Como podemos ter certeza que isso vai acontecer? Jesus fez milagres para mostrar às pessoas que o mundo inteiro vai ser bom assim. Ele também morreu por nós. Por causa da morte dele, a tristeza vai deixar de existir e todas as promessas de Deus vão se cumprir. A morte de Jesus foi tão importante que ele mandou seus discípulos se reunirem todos os anos para lembrar da morte dele. — Lucas 22:19, 20.
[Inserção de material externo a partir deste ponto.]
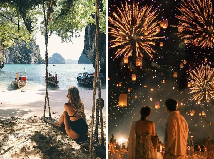 Новый год повсюду в Таиланде отмечают с размахом. Одна из традиций — пойти на берег моря, чтобы загадать желание и запустить в небо бумажный фонарик. Небо в огоньках от сотен и тысяч фонарей — незабываемое зрелище.

Pelo calendário usado nos tempos bíblicos, o dia da morte de Jesus vai cair neste ano na terça-feira, dia 11 de abril. As Testemunhas de Jeová convidam você para estar com elas nessa data e aprender como a morte dele pode ajudar você e sua família.
As Testemunhas de Jeová convidam toda a comunidade tarauacaense para estar presente a Celebração da morte de Cristo. 
Evento bíblico gratuito dia 11 de Abril, em dois horários:
18 às 19h ou das 19:40h às 20:40h
No Salão do Reino das Testemunhas de Jeová na entrada do Bairro Avelino Leal (Bairro Novo)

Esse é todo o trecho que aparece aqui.